Саша родился недоношенным в мае 2009 года. Кровная мама отказалась от него сразу после рождения и Саша попал в дом ребенка. Через год ему поставили диагноз ДЦП, в 4 года Саша был переведен в ДДИ (детдом для детей с инвалидностью), где в 2014 году встретился с волонтером Аней, которая стала ему другом и мамой. Государственное пособие (зарплата приемной мамы, пособие приемного ребенка и пенсия по инвалидности) составляют около 64 тыс. рублей. Один час занятий в реабилитационном центре стоит 2,5 тысячи рублей. Благотворительные фонды оказывают поддержку, покрывая часть расходов на медицинские и реабилитационные курсы и предоставляя психологическую помощь. В остальном Аня и Саша справляются своими силами.
Саша
Саша обаятельный блондин с модной стрижкой и жизнеутверждающей “пальмой” из льняных волос. Он расположился на полу детской комнаты (однокомнатной квартиры) с ужином и планшетом. На нем черные бадлон и штаны, отчего он похож на артиста балета на репетиции. Саша творческая натура, он любит лепить и рисовать. Пока Сашу фотографируют, выясняется, что он вообще-то не прочь пофотографировать сам. Аня напоминает Саше, что нужно сначала вырасти, чтобы держать в руках профессиональный фотоаппарат. Саша вроде как и согласен, но досада на то, что он еще не вырос и нужно ждать этого момента непонятно сколько, все же перекрывает логику и Саша начинает чуть-чуть скандалить на эту тему.

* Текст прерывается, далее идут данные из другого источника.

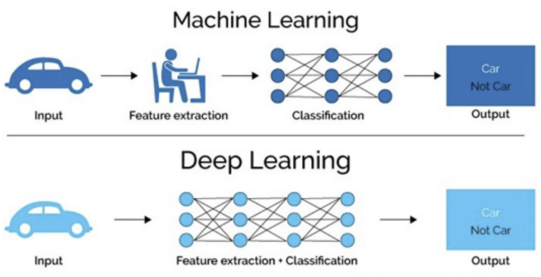 传统机器学习算法依赖人工设计特征,并进行特征提取;而深度学习方法不需要人工,而是依赖算法自动提取特征。
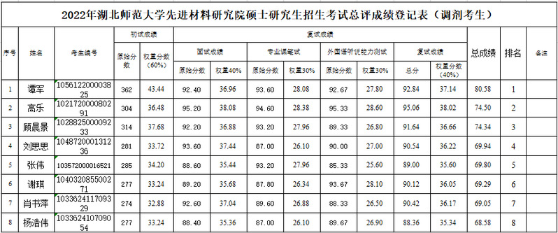 附件:2022年先进材料研究院硕士研究生招生考试总评成绩登记表
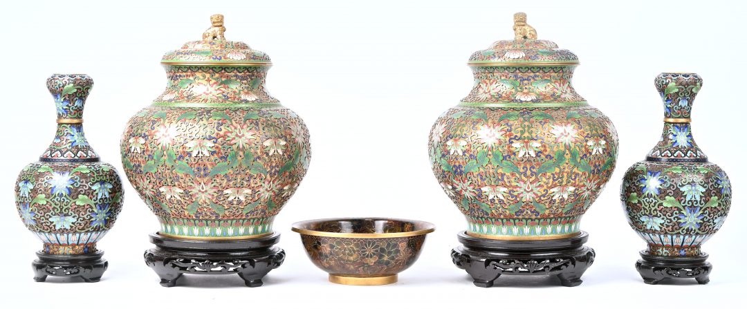 Een lot cloisonné bestaande uit 2 dekselvazen en 2 vaasjes, op houten sokkels, en een kom.

– Я хочу тебя снять, хочу тебя сфоткать! – упрашивает он фотографа.
Чтобы понять, что именно говорит Саша, нужно немного привыкнуть к его речи – у детей с ДЦП она особая из-за нарушений артикуляции.

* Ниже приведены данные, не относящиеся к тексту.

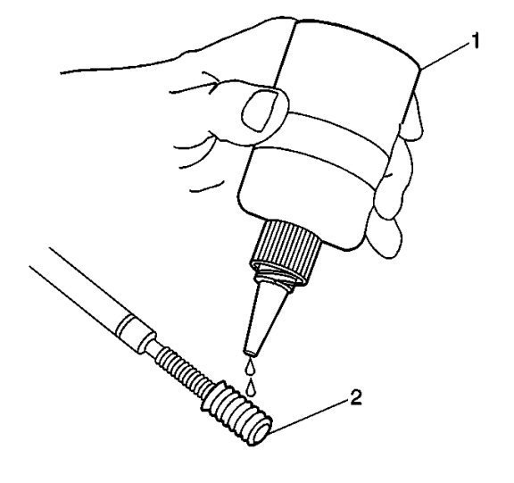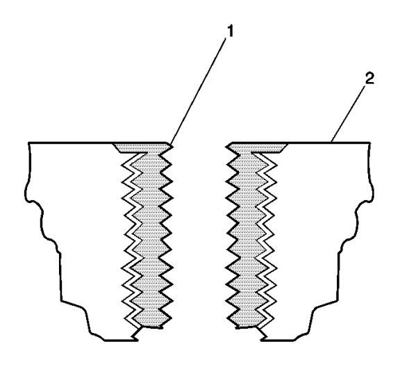 10. Apply threadlock sealant, EN 42385-109, LOCTITE 277(R) or equivalent (1) to the insert OD threads (2). Refer to Adhesives, Fluids, Lubricants, and Sealers for recommended sealant.

Фотограф не поддается на честные уговоры Саши, тогда он решает добыть фотоаппарат хитростью и ловкостью. Улучив момент, пока фотограф меняет настройки, он тихо, как хищник, подкрадывается, переставляя руки и подтягивая за собой ноги.
– Я хочу тебя поймать!
В мае 2017 года Саше сделали многуровневую функциональную операцию на ногах, задействующую тазобедренный, коленный и голеностопный суставы и нацеленную на восстановление опорно-двигательной функции ног. Раньше Саша ходил с поддержкой, но при этом не мог стоять ровно, большая часть опоры приходилась на руки, а ноги функционально почти не работали. Постановка стоп была внутрь, характерная для спастического тетрапареза, стопа была в сильно согнутом состоянии, что не позволяло опираться на нее полноценно. Ног Саша почти не чувствовал. Операция позволит ему ходить с поддержкой и при этом правильно и безопасно. Через 6 месяцев после операции Саша прошел реабилитационный курс – Саша заново учился ходить.
Аня
Ане тридцать семь лет. Она не замужем и других детей, кроме Саши, у нее нет. Аня встречает нас по-домашнему – в уютном кардигане и без макияжа. Она много улыбается и, даже рассказывая об очень грустном, шутит. У Ани тихий спокойный голос, интонации которого не меняются в зависимости от того, обращается ли она к Саше или к нам. С Сашей они общаются серьезно, по-взрослому.
Аня родилась и выросла в Новосибирской области в семье экономистов. Училась в Москве по специальности “Компьютерные технологии в бизнесе”. С 18 лет Аня совмещала учебу с работой ассистентом фоторедактора в глянцевом издательстве Independent Media, где работала для таких журналов как Cosmopolitan, Harper’s Bazaar, Yoga Journal. Там же Аня впервые начала заниматься благотворительностью.
Спустя почти десять лет, Аня сменила работу в издательстве на кинопроизводство. Координатор студии визуальных эффектов, замдиректора картины, ассистент продюсера, ассистент режиссера – работа 24 часа в сутки. Учеба в Лондоне на сценарном курсе, съемки короткометражек в Нью-Йорке. Аня повидала мир, но жить вернулась в Россию, потому что скучала по друзьям и близким людям.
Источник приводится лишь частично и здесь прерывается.